A rectangular wire loop of sides 8 cm and 3 cm with a small cut, is moving out of a region of uniform magnetic field of magnitude 0.3 T directed normal to the plane of the loop. The emf developed across the cut, if the velocity of the loop is 2 cm s⁻¹, in a direction normal to the shorter side of the loop, will be: ____.

• A. 4.8 $\times$ 10⁻⁴ volt
• B. 1.3 $\times$ 10⁻⁴ volt
• C. 1.2 $\times$ 10⁻⁴ volt
• D. 1.8 $\times$ 10⁻⁴ volt

Hint:

If velocity is normal to the short side, it means the loop is moving along the direction of the short side, so the long side acts as the "cutting" length $L$.

Answer 1

The Correct Option is A

Step 1: Understanding the Concept:
When a conducting loop moves through a magnetic field, a motional electromotive force (emf) is induced across the segments of the loop that cut the magnetic field lines.

Step 2: Key Formula or Approach:
\[ e = BvL \] Where $L$ is the length of the side that is perpendicular to the velocity and cutting the field lines.

Step 3: Detailed Explanation:
1. Given: $B = 0.3$ T, $v = 2 \text{ cm/s} = 0.02 \text{ m/s}$. 2. The velocity is normal to the shorter side (3 cm).

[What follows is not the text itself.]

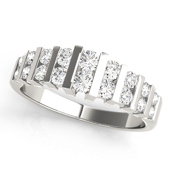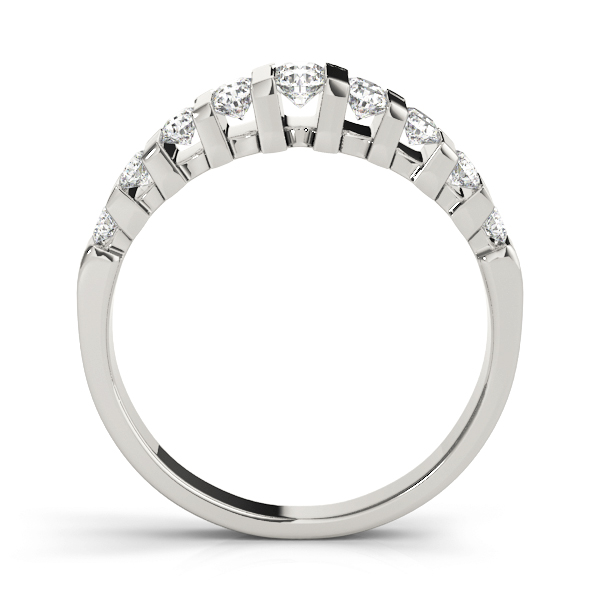 14k White Gold Wedding Band with 4 – .02PT Round & 4 – .025PT Round & 4 – .035PT Round & 4 – .05PT Round & 2 – .1PT Round Stones, equal to 3/4 carats total weight. Can be customized to fit any stone and in any material. Please contact Ronelli Corp for custom orders and modification information, as pricing may vary.

This means the longer side (8 cm) is the one cutting the magnetic field lines as it exits. 3. Therefore, $L = 8 \text{ cm} = 0.08 \text{ m}$. 4. Calculate emf: \[ e = 0.3 \times 0.02 \times 0.08 \] \[ e = 0.3 \times 0.0016 = 0.00048 \text{ V} \] \[ e = 4.8 \times 10^{-4} \text{ V} \]

Step 4: Final Answer:
The emf developed is 4.8 $\times$ 10⁻⁴ volt.